Le tribunal de commerce de Chambéry, dans un jugement du 20 janvier 2026, a ouvert une procédure de liquidation judiciaire unique. Une auto-entrepreneuse, radiée d’office depuis novembre 2021, était assignée par l’URSSAF pour une créance impayée de 48 458 euros. La question centrale était de savoir si le juge pouvait étendre la procédure collective au patrimoine personnel du débiteur. Le tribunal a prononcé une liquidation judiciaire unique, couvrant les patrimoines professionnel et personnel.
La confusion des patrimoines par la faute du débiteur.
Le tribunal constate que la débitrice a poursuivi son activité malgré sa radiation et n’a tenu aucune comptabilité. Il relève que ces manquements constituent des « inobservations graves et répétées » (Motifs) de ses obligations sociales depuis 2017.
Cette décision illustre l’application des articles L. 681-1 et L. 526-24 du code de commerce. La faute grave du débiteur justifie d’étendre le droit de gage des créanciers à son patrimoine personnel.

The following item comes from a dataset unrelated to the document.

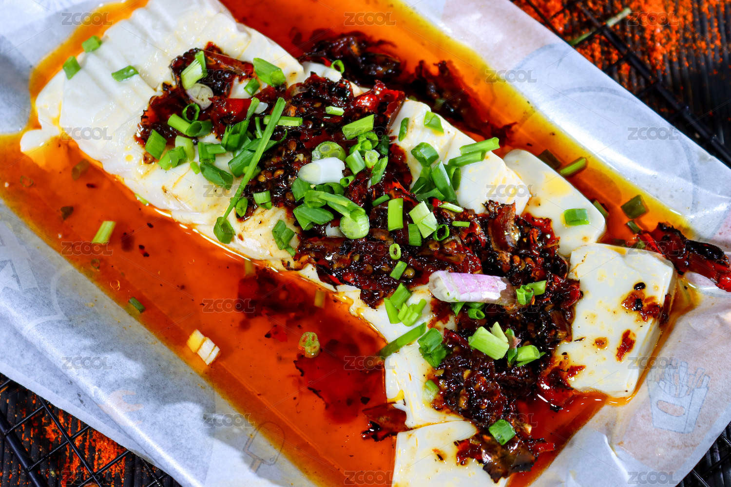 淺藍(lán)色背景上一盤剁椒日本豆腐荷包蛋

La cessation des paiements unique et son effet rétroactif.
Le juge fixe la date de cessation des paiements au 20 juillet 2024, soit dix-huit mois avant le jugement. Il constate que « la cessation des paiements remonte à plus de 18 mois » (Motifs), la débitrice étant défaillante depuis avril 2017.
Cette fixation rétroactive permet d’englober l’ensemble des actes passés pendant la période suspecte. La portée de cette solution est d’unifier le traitement des deux patrimoines pour une liquidation unique.